Similar to email spam and junk mail, junk faxes are a form of telemarketing that sends unsolicited advertisements and through fax machines.

Table of ContentsJunk Faxes

History of Junk Faxing

As fax machines grew in popularity in the late 1980s and early 1990s, junk faxing became a way for many advertisers to reach prospective customers.

With the invention of a computer based fax board in 1985, computers were able to dramatically increase the ability to transmit fax advertisements on a regular basis while drastically decreasing the cost to the advertiser.

The United States passed the Telephone Consumer Protection Act in 1991, and the volume of junk faxes and fax advertising started to decrease.

In 2005, the US Congress passed the Junk Fax Prevention Act of 2005 to amend the TCPA to no longer prohibit unsolicited fax advertisements if “the unsolicited advertisement is from a sender with an established business relationship with the recipient).

In April 2006, the FCC implemented changes to existing fax advertising rules of the TCPA with the intention of further reducing the level of junk fax advertising.

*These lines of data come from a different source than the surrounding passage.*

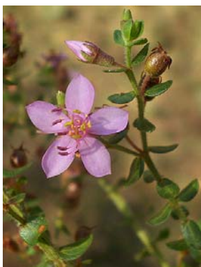
17 Microlicia fulva
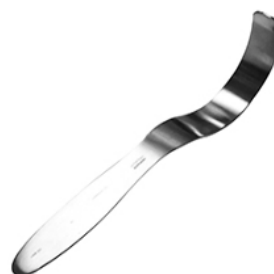
DEAVER RETRACTOR PEDIATRICO 3/4 X 8 H.P.
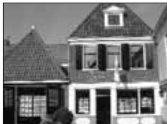
* LMV-Makelaardij Gros te Makkum

Steeds meer willen mensen een tweede woning; een trend die alsmaar toeneemt. In samenwerking met Makelaardij GROS besteedt 'Van Kavel Tot Kasteel' daarom aandacht aan een bijzondere recreatievilla in Makkum in Zee.
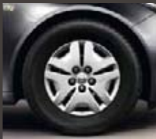
1 Obręcze stalowe z kołpakami, 6,5J x 16 o wzorze 5-ramiennym, opony 215/60 R 16 (QB5).

4 Nie dotyczy wersji z silnikami 1,6 litra ECOTEC® i 2,0 litra CDTI ECOTEC® (110 km).
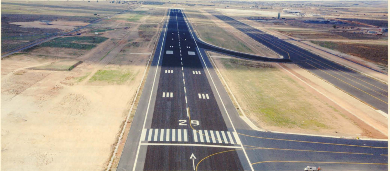
Pista del Aeropuerto Don Quijote, lista ya para recibir las aeronaves.
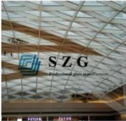
China Resources Mall Low E Insulated Glass Roofing

17.52mm High Transparent Low E laminated Glass+20A+ 17.52mm Low Iron Tempered Laminated Glass, Irregular shapes, 8000m 2
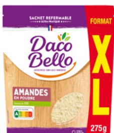
Amandes en poudre Format Familial 275g x 12 UVC
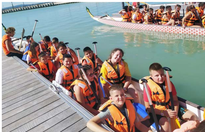
A sárkányhajózás pillanatai

Este kilenckor került sor a „beavató” bulira a tábor főterén. Csak ekkor tudatosult bennem, hogy milyen sok gyerek is jött rajtunk kívül a táborba. Több ezer általános iskolás diák pompázott saját altáborának színeiben (piros, sötétkék, világoskék, magenta, halványzöld, sötét
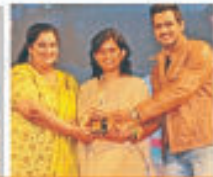
Women of The Future Awards - 2015
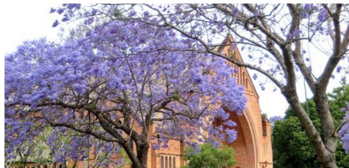
町のいたるところにジャカラングが咲いています (添乗員撮影)

オーストラリアが春を迎える10月、東海岸沿いの町々では、薄紫色のジャカラングの花々が咲き誇ります。とりわけグラフトンという町はあまり知られていませんが、ジャカラングのトンネルのような並木道が幾筋にもび、薄紫色に包まれた美しい風景の中でゆったりと散歩を楽しむことができます。ツアー発表以来、「南アフリカに勝るとも劣らない、世界でも指折りのジャカラング」と評判の地に2連泊します。また、前半には世界自然遺産のブルーマウンテンズへ。深い緑の森と切り立った岩壁が地平線まで続く景観はあまりのスケールの大きさに驚くばかりです。マレーシア航空ビジネスクラスを利用し、春めくオーストラリアへご案内します。
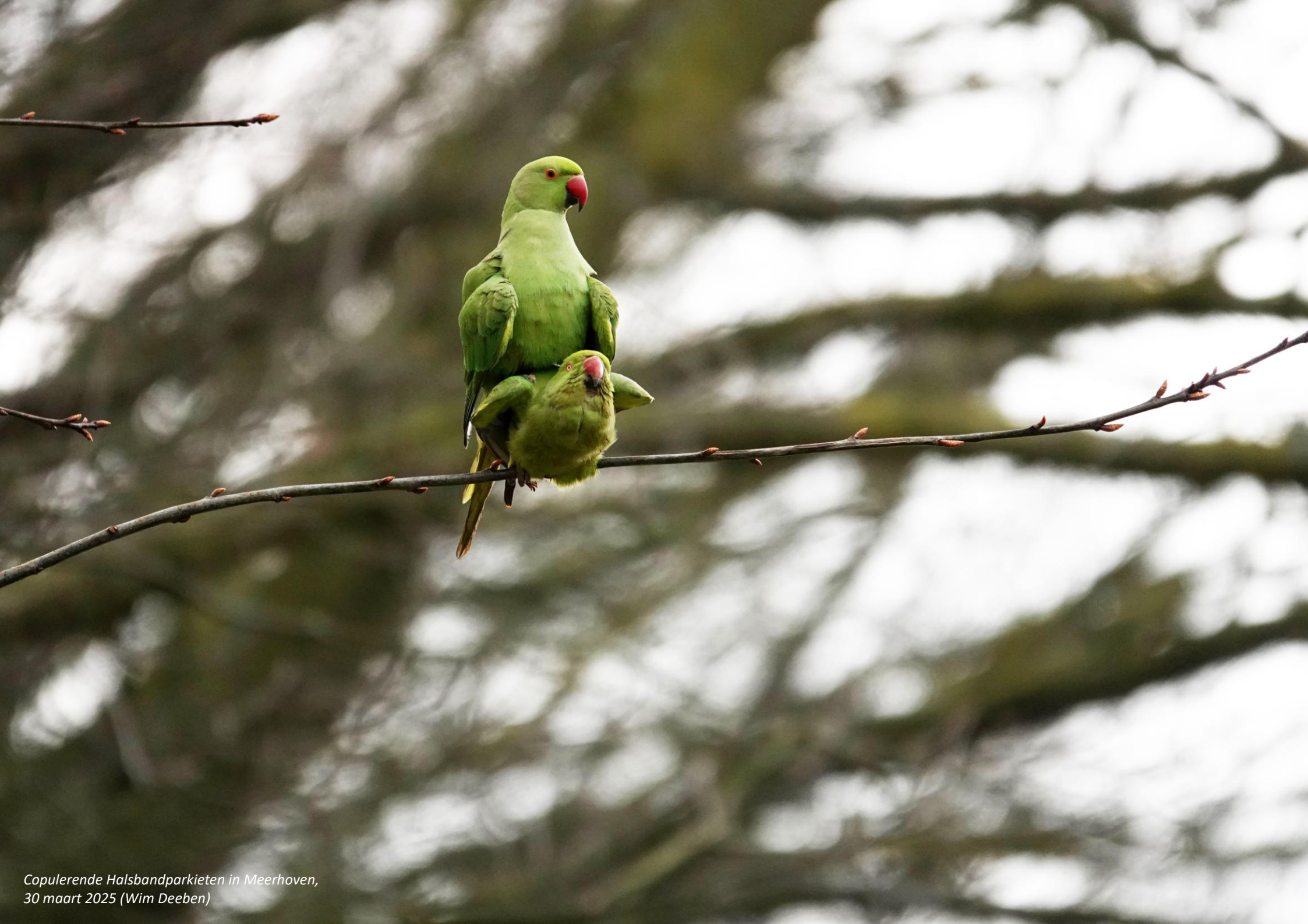
Copulerende Halsbandparkieten in Meerhoven, 30 maart 2025 (Wim Deeben)
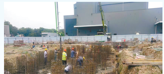
珩创磷酸锰锂电池正极材料项目: 该项目由江苏珩创纳米科技有限公司投资建设,当期计划投资5亿元,年产磷酸锰锂电池正极材料1万吨。
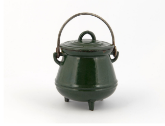
Pot de Hainaut jouet

Notice créée le 27/05/2019. Dernière modification le 12/05/2023.
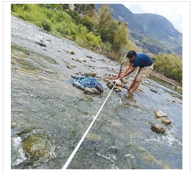
Figura 2. Medición de profundidad y ancho del río.

Para la medición de profundidad y ancho del río se utilizó una cinta métrica donde se obtuvieron distintos valores (Figura 2) y, posteriormente, se aplicó un análisis estadístico básico para el cálculo de valores medios y la desviación estándar.
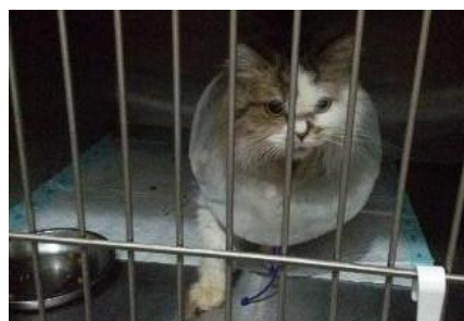
Gambar 1 Kucing Suki yang mengalami urolitiasis.

Sinyalemen: Kucing dengan ras persia bernama Suki dengan jenis kelamin betina dan rambut berwarna putih abu-abu (Gambar 1). Anamnesa: Pemilik membawa kucing ke klinik My Vets dengan keluhan sulit urinasi dan menunjukkan respon sakit saat miksi. Sebelumnya pernah dibawa ke klinik dengan keluhan stranguria dan hematuria. Gejala klinis: Suhu tubuh 38.3°C, frekuensi nafas 36 kali/menit, frekuensi jantung 124 kali/menit, vesika urinaria tidak tegang dan terdapat darah pada urin (hematuria). Pemeriksaan penunjang: Pemeriksaan radiografi ditemukan masa radioopaque pada bagian vesika urinaria (Gambar 2). Diagnosa: Urolitiasis. Prognosa: Fausta.
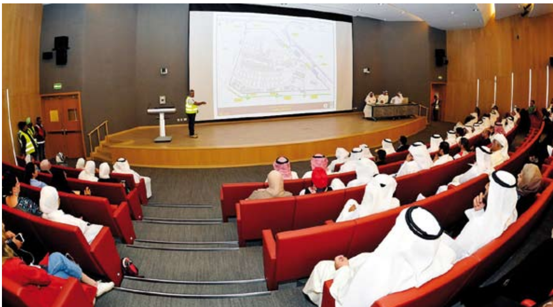
عرض تقديمي لمنشآت المدينة

Recently, due to the proliferation of online fax services, as well as the reduction in costs of long distance services, there has been an increase in junk fax transmissions coming from areas outside of countries that have enacted laws against junk faxes.

Difference Between a Broadcast Fax and a Junk Fax

A broadcast fax is a fax that is sent to multiple people in a programmed sequential transmission. A person sending a broadcast fax sends the same fax to many different people in their broadcast.

In this case, a broadcast fax is a junk fax if it falls under the rules of junk faxes.

For example, an accountant who broadcast faxes an annual reminder to a list of existing clients who have permitted communication via fax that tax deadlines are approaching is (in most cases) simply broadcasting a message to people that already have a business relationship with the organization.

As another example, a travel agency who broadcast faxes an advertisement for discount vacations to Hawaii 100 fax numbers they have found on the internet and has no prior business relationship is sending junk faxes through a broadcast fax method.

Whether or not a broadcast fax is junk or not depends on the laws regarding junk faxes, but not all broadcast faxes are junk faxes.

Junk Fax Regulations and Laws

United States

Laws in the United States involving Junk Faxes primarily revolve around the Telephone Consumer Protection Act of 1991 (47 USC 227), The Junk Fax Prevention Act of 2005, and the rule changes the FCC implemented in April of 2006.

Many states have their own laws regarding junk faxes, and this can translate into different regulations depending on where a junk fax originates from and where it is sent to.

In the case of a junk fax being sent, the FCC can investigate violators and impose fines. Complaints are investigated when a complaint is filed through the FCC.

Individuals can also bring a private suit against a junk fax violator, seeking to recover the monetary loss or $500 in damages for each violation (which ever is greater). This penalty can, if the court decides, be tripled if it is found that the defendant acted “willingly or knowingly”.

FCC penalties can be up to $11,000 per junk fax transmitted.

Canada

In Canada, there is no mechanism for individuals to sue the senders of junk faxes, however unsolicited faxes must follow certain guidelines as regulated by the CRTC.

Canadian regulations regarding unsolicited faxes can be found under Order CRTC 2001-193.

Canada also offers the Canadian Marketing Association’s Do-Not-Call list, which is voluntarily followed by business and not subject to law.

As the CMA’s Do Not Call List is relatively public information, there have been situations where telemarketers and junk fax senders from international locations have used the database to send junk faxes to, outside of Canadian law.